Blättern in der Erinnerung

„Zartes Rosa” ist eine Inszenierung in mehreren Kapiteln, die im Schauen, nachvollziehenden Begreifen, vorsichtigen Berühren und in der Vergegenwärtigung ritualisierter Vorgänge unseres häuslichen Alltags vonstatten geht. Dieses Alltägliche erhält in seiner verknappten Ausschließlichkeit und im wiederholten beiläufigen Zugriff etwas Feierliches.
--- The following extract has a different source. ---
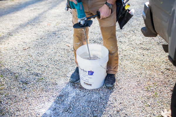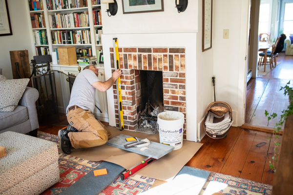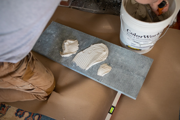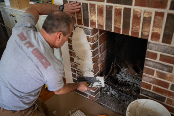 Mix up a half bag of white thin-set, create a thick paste-like mix that can be troweled on the vertical wall. Make sure you install builders’ paper on the floor in front of the fireplace. Using a ¼” trowel, apply the thin-set to the brick façade and then to each piece of the bluestone

Daraus lässt sich einstmals Vertrautes destillieren, das sich im Laufe der Zeit gewandelt hat oder ganz aus unserem Lebensumfeld verschwunden ist.

Auf einem Küchentisch liegt zentriert ein Fotoalbum, davor ein Stuhl zum Platznehmen. (1) Die lapidare, pragmatische Sachlichkeit des Mobiliars erinnert an das Ambiente der 1960er- und 1970er-Jahre. Dazu trägt das gehäkelte Sitzkissen bei. Es vermittelt Weichheit und Wärme, also Geborgenheit, zugleich verliert sich der Blick in seinem Rapport. Das gesponnene und gezogene Rosa hält die Werkgruppe leitmotivisch zusammen. Es kehrt schon in den Umschlagbezügen des Fotoalbums wieder. Dieses lässt im geschlossenen Zustand, großformatig und vom quadratisch wirkenden leichten Querformat in seiner Mächtigkeit unterstützt, an eine Familienchronik denken. Die subtile Sinnlichkeit reizt zum Auf- und Umblättern. Dieser Vorgang vollzieht sich (zumal immer zwei Blätter aneinander befestigt sind) (2) wie das Öffnen eines schweren Portals, hinter dem Besonderes zu erwarten ist. Wir rechnen mit verblichenen Aufnahmen von Urlaubsreisen oder Familienbildnissen oder Selbstdarstellungen im Look vergangener Jahrzehnte, einerseits mit Fremden, andererseits aber in Situationen, in denen wir uns selbst wiedererkennen. Sylvie Hauptvogels Fotoalbum spielt in seiner ganzen Anlage mit solchen Evokationen, auch - oder indem - statt der Fotos etliche leere weiße Seiten zu sehen sind.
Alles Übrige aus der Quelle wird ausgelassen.